The city will maintain the fields and Aquila will be paid to schedule their use and partner with the Vicksburg Baseball Association and the Culkin Athletic Association to administer leagues at a cost of $60 per player.
More participation and lower costs for families are expected as immediate benefits.
Aquila first came on the scene last summer, pledging to transform the city park into a $25 million sports complex, later increased to $40 million.
City officials fronted $250,000 for a study, not yet complete, on privatizing recreation as a means of increasing events, especially regional tournaments.
Tuesday, city officials authorized Mayor Laurence Leyens to enter a deal under which Aquila will be paid $245 per team, $80 per game played and three-fourths of all utility costs. Aquila will pay a fourth of utility costs and provide all uniforms and equipment, pay umpires, scorekeepers and other incidentals. The group will also operate concessions.
Initial announcements in 2007 indicated construction to improve and modify the 16 baseball, softball and other facilities at the 66-acre park would be complete in time for spring, but a delayed environmental assessment of the 66-acre site has set the timetable back.
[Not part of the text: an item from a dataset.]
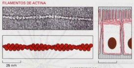 | Microfilamentos o filamentos de actina | -Grosor: 7-8 nm (Son los más pequeños). -Localización: Bordean la membrana. - Proteina estructural: Actina. - Proteina motora: Miosina ( son 18 tipos) ( La miosina ll es la encargada de la contracción muscular) ( Se clasifican en convencionales y no convencionales) . Función: Contráctiles ( muscular) esqueléticos. Soporte y organización celular. Desplazamiento celular. División celular ( se forma el anillo contráctil de la citocinesis). Para la contracción muscular la miosina y la actina interactúan y asi origina el movimiento |
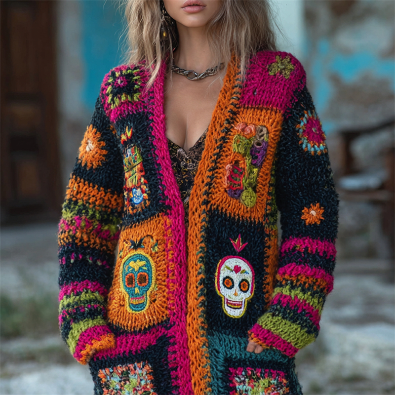 Day Of The Dead Sugar Skull Crochet Colorblock Cozy Knit Cardigan

To ensure that youth leagues have a place to play this season, construction could be held off, said Dianne Switzer, Aquila’s chief operating officer.
A required study by the Mississippi Department of Environmental Quality of the portion of the site that once served as a city landfill has caused delays. Results, initially expected in December, are now hoped for by late February, South Ward Alderman Sid Beauman said. The study would complete a feasibility report being conducted by Florida-based USA Partners to determine whether Vicksburg could support the sports complex. Beauman has also called that study a formality, saying the privatization is, for all intents and purposes, a done deal.
Youth baseball will be organized under the newly formed Vicksburg-Warren Athletic Association, a combination of the Vicksburg Baseball Association and Culkin Athletic Association. Girls softball is also part of the deal.
Rick Smith, president of the Culkin Athletic Association, said the new nonprofit partnership will administer youth baseball at lower costs to many families, and that combination of the city and county organizations was spurred by the Aquila Group’s investment plans.
“Aquila will manage the facility for recreational play at Halls Ferry. We’re going to have a board that will be setting up the league,” Smith said. “All money will come through the Vicksburg-Warren Athletic Association.”